Christian Coleman arrives at the IAAF World Championships as the heavy favourite for 100m gold after an impressive season that has seen him clock a world-leading 9.81.
But while the 23-year-old has left most of his rivals trailing firmly in his slipstream this year, he may find sceptics harder to shake off.
In the eyes of many, Coleman, the 2017 world championships silver medalist over 100m, is extremely fortunate to even be competing in Doha.
In August, the athletics world was rocked by news that Coleman had registered three drug-testing “whereabouts” failures in a 12-month period – an offence usually regarded as equivalent to a failed drug test and followed by a ban of up to two years.
Yet with Coleman facing the very real possibility of a suspension that would have barred him from competing at the World Championships and next year’s Olympics, the case collapsed this month because of a technicality.
At first glance, it appeared to be an open and shut case.
Coleman had recorded his first whereabouts failure on June 6 last year, before two more offences in January 16 and April 26 this year.
However the United States Anti-Doping Agency (USADA) abruptly withdrew the charges against Coleman on September 2 after a review of the rules regarding how the 12-month window should be calculated.
Under an obscure regulation in the International Standard for Testing and Investigations (ISTI) guidelines, Coleman’s first missed case in June last year should have been backdated to the first day of that quarter, making the formal date of the first offence April 1, 2018.
That meant the dates of the three offences fell outside the required 12-month time frame for a doping offence to have occurred – leaving Coleman in the clear and free to compete in Doha.
Coleman responded to the news by demanding an apology from USADA, accusing the anti-doping body of smearing his reputation and insisting he had always been a clean athlete.
“I have never failed a drug test and never will,” Coleman said.
“It’s a shame on USADA that this was public knowledge, that they didn’t know their own rules – that they expect athletes to know the rules but they can’t follow their own.”
Coleman explained away the three whereabouts failures as simply innocent mistakes, blaming his anxiety and last-minute schedule changes for his failure to update his location information.
“People don’t realise how easy it is to miss tests,” Coleman said.
“People out there calling me an idiot, or I’ve gotta be stupid to miss tests. I don’t know what people look at athletes at, but nobody’s perfect.
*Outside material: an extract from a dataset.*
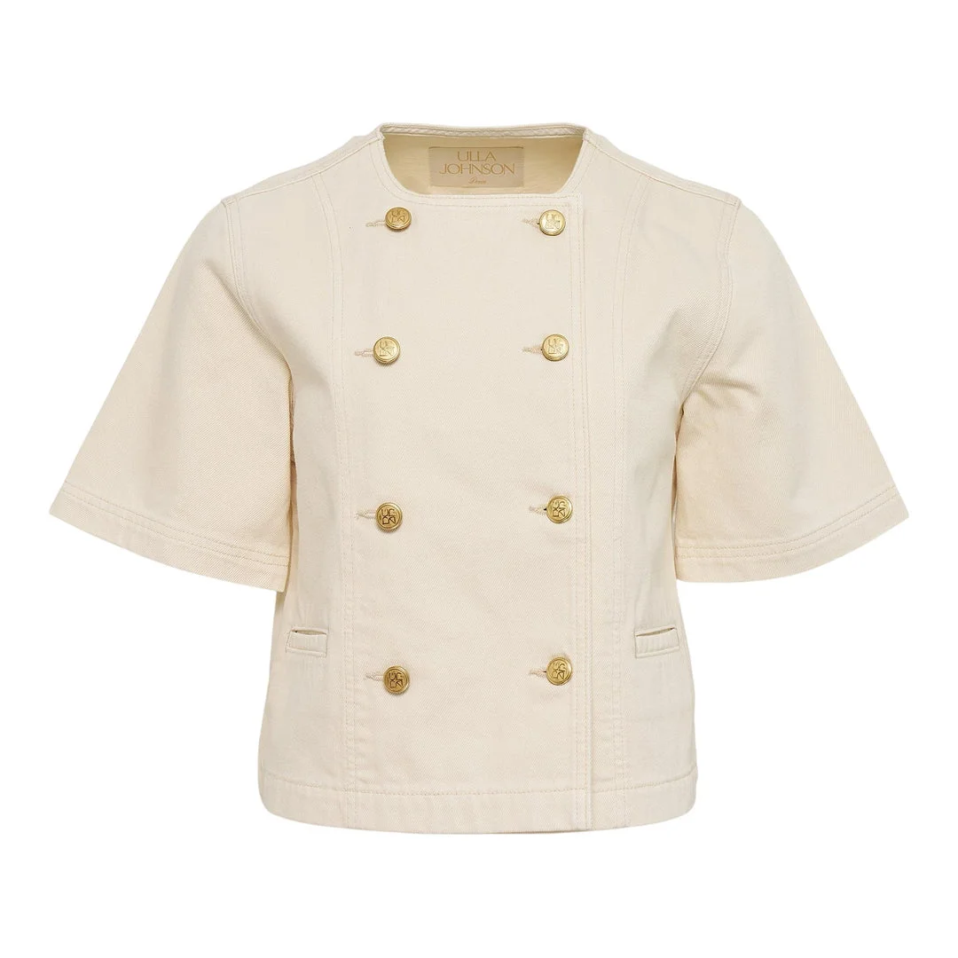600070455OWT00L / UJ9905027/00/BIR - Double-breasted closure with gold-tone buttons - Short sleeves with structured shoulders - Front patch pockets - Round neckline - Premium cotton blend construction - Tailored fit - Contrast topstitching details Ulla Johnson Serge Short Sleeve Jacket delivers timeless sophistication with contemporary tailoring and feminine elegance. Crafted from premium cotton blend in sophisticated cream, featuring structured construction with polished gold-tone buttons throughout. The double-breasted silhouette and refined detailing create an elevated wardrobe staple perfect for transitional seasons.

People make mistakes.”
The wider athletics world, however, is likely to view those protestations of innocence through a prism of scepticism.
Privately, anti-doping officials say that while athletes can often miss individual tests, it is largely unheard of for an athlete to miss three.
“We do everything we possibly can to ensure this kind of thing doesn’t happen, and we make it as easy as possible for athletes to notify us of changes in their schedule,” one official said.